Continuo a restare basito  :Shocked: 

Che valore ha la variabile $DISPLAY nel server remoto?

 *fedeliallalinea wrote:*   

> 
> 
> E magari fare anche sulla macchina locale un
> 
> Code:
> ...

 

No, ribadisco che con SSH non e' necessario usare xhost.

Da SSH(1) :

X11 and TCP forwarding

     If the ForwardX11 variable is set to ``yes'' (or, see the description of

     the -X and -x options described later) and the user is using X11 (the

     DISPLAY environment variable is set), the connection to the X11 display

     is automatically forwarded to the remote side in such a way that any X11

     programs started from the shell (or command) will go through the

     encrypted channel, and the connection to the real X server will be made

     from the local machine.  The user should not manually set DISPLAY.  For-

     warding of X11 connections can be configured on the command line or in

     configuration files.

     The DISPLAY value set by ssh will point to the server machine, but with a

     display number greater than zero.  This is normal, and happens because

     ssh creates a ``proxy'' X server on the server machine for forwarding the

     connections over the encrypted channel.

     ssh will also automatically set up Xauthority data on the server machine.

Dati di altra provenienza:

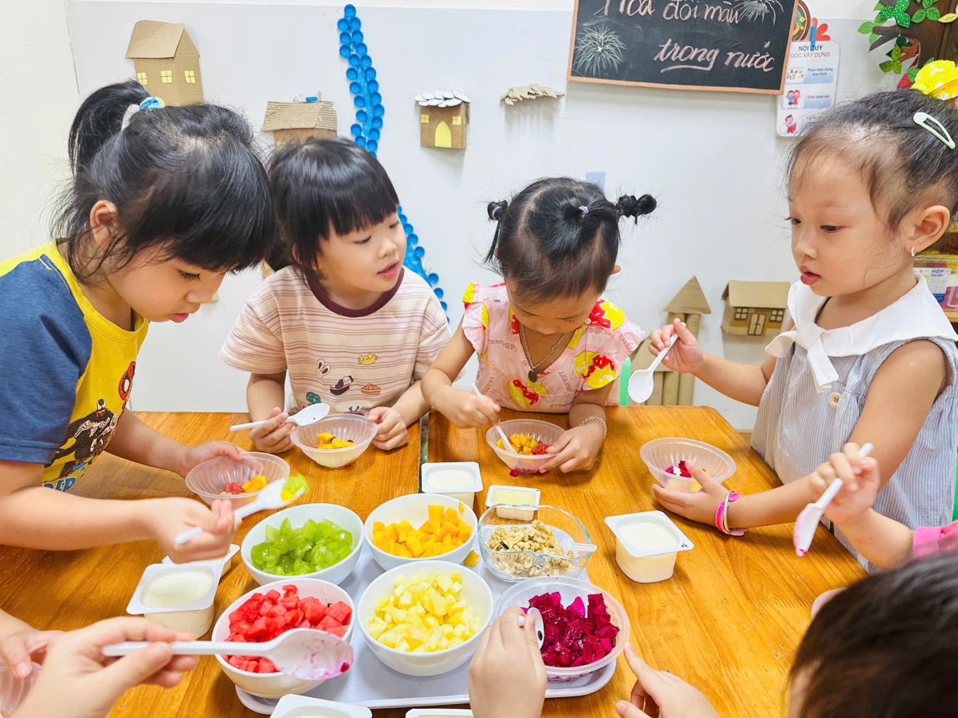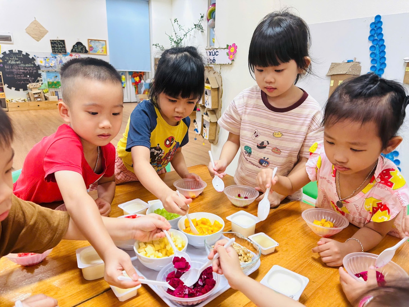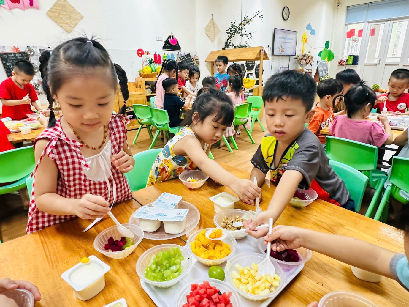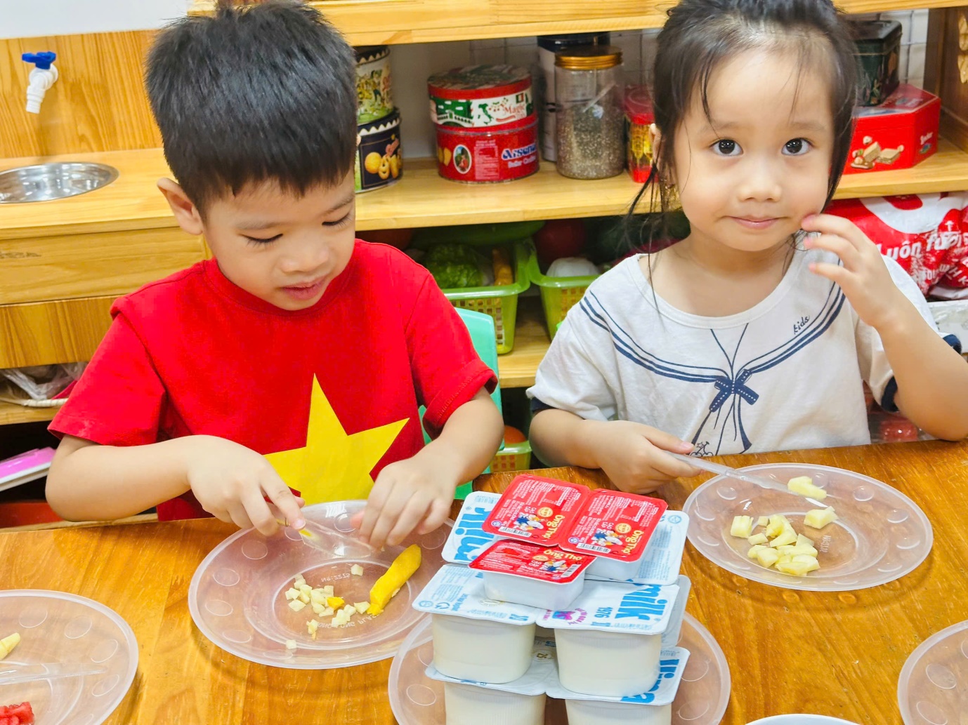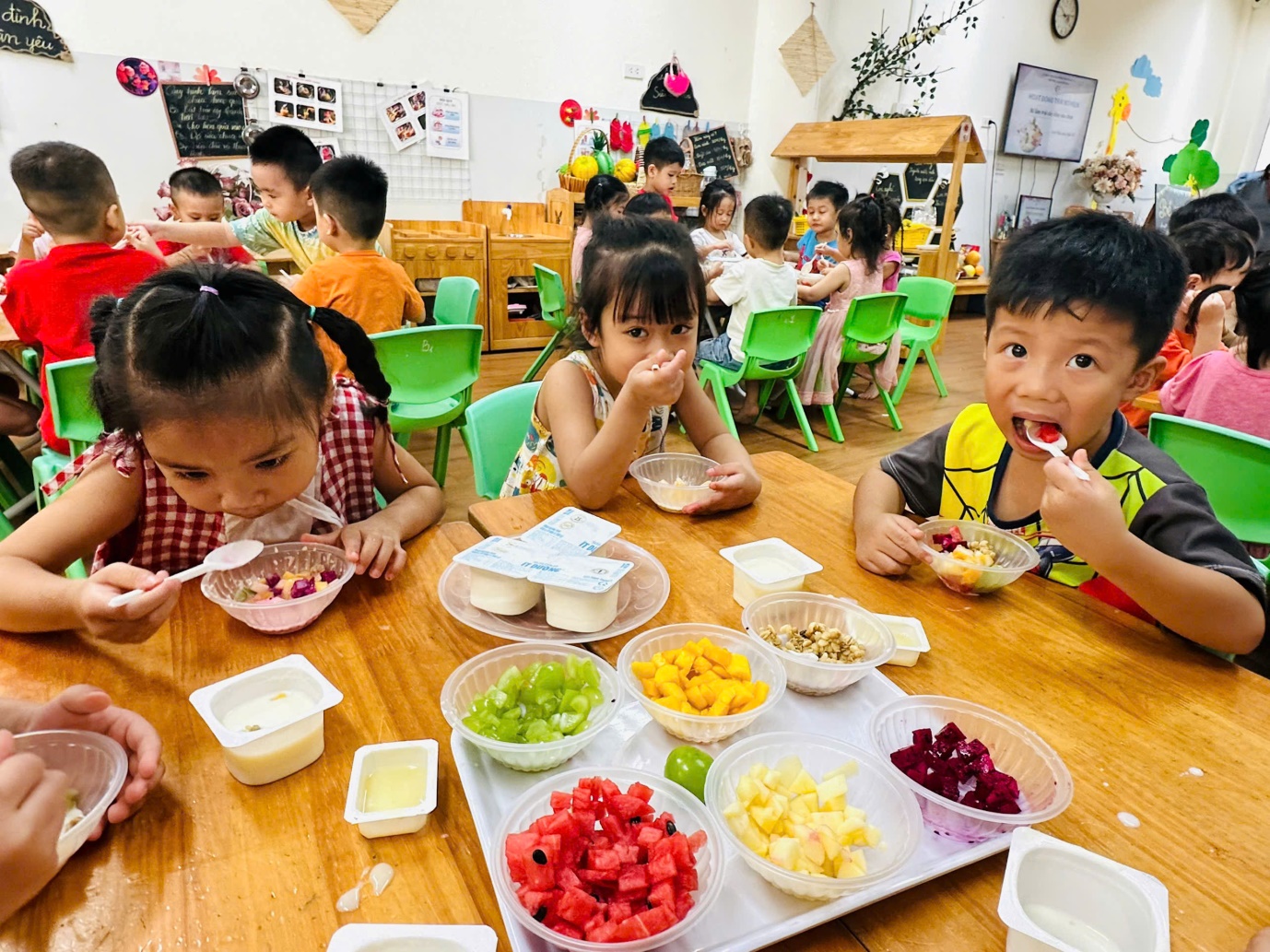 Hoạt động trải nghiệm lớp MGN B1: Bé làm trái cây dầm sữa chua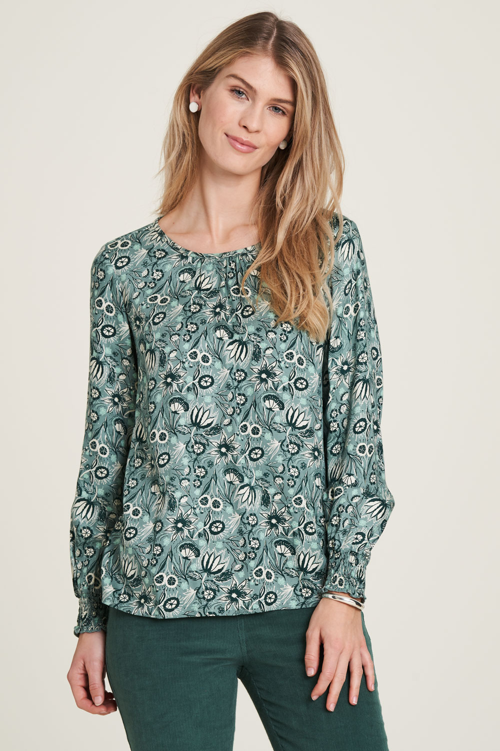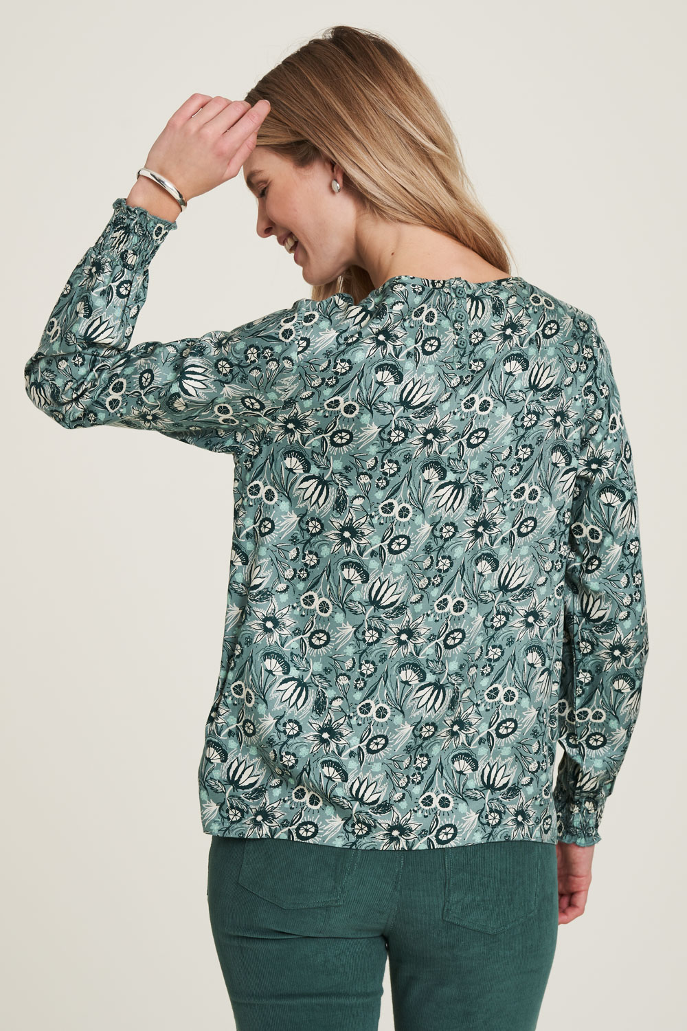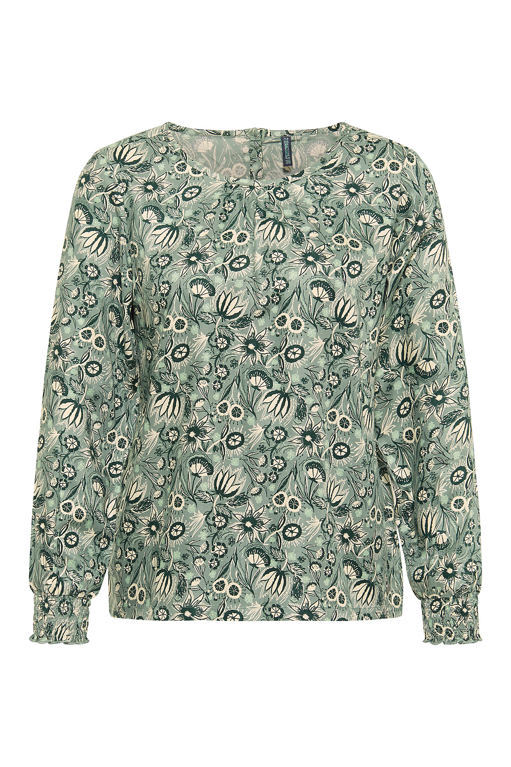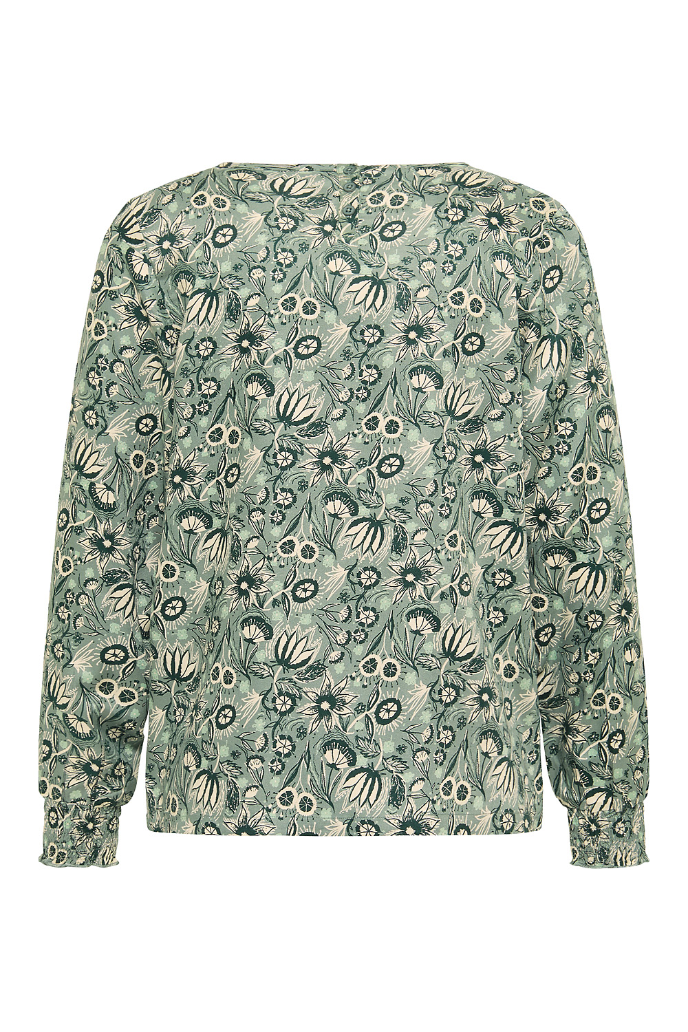 Die pure Viskose ist umweltfreundlich und zeigt sich in einer angenehm soften Qualität und im modernen Muster. Der lässige Schnitt und der Rundhalsausschnitt schenken dir noch mehr Komfort, während knöpfbare Armabschlüsse mit Schlitz und das Cut-out-Detail hinten verspielte Akzente setzen.

     For this purpose, it will generate a random authorization cookie, store

     it in Xauthority on the server, and verify that any forwarded connections

     carry this cookie and replace it by the real cookie when the connection

     is opened.  The real authentication cookie is never sent to the server

     machine (and no cookies are sent in the plain).

--Gianluca

----------

## skunk

 *Ginko wrote:*   

> Che valore ha la variabile $DISPLAY nel server remoto?

 

 *Quote:*   

> [skunk@nagual skunk]$ echo $DISPLAY
> 
> mescalito:0

 

mescalito e' l'host dal quale mi connetto al server remoto (nagual)

----------

## Ginko

 *skunk wrote:*   

>  *Ginko wrote:*   Che valore ha la variabile $DISPLAY nel server remoto? 
> 
>  *Quote:*   [skunk@nagual skunk]$ echo $DISPLAY
> 
> mescalito:0 
> ...

 

Il che significa che non stai usando la funzione X11Forwarding di SSH e quindi il protocollo X non viene incanalato nella sessione criptata ma viaggia per conto suo sulla porta 6000 (o simili) il che e' alquanto insicuro.

--Gianluca

----------

## skunk

 *Ginko wrote:*   

> 
> 
> Il che significa che non stai usando la funzione X11Forwarding di SSH e quindi il protocollo X non viene incanalato nella sessione criptata ma viaggia per conto suo sulla porta 6000 (o simili) il che e' alquanto insicuro.
> 
> --Gianluca

 

hai ragione, ho impostato:

 *Quote:*   

> $ export DISPLAY="localhost:10.0"

 

e ora xhost non e' piu' necessario   :Wink: 

----------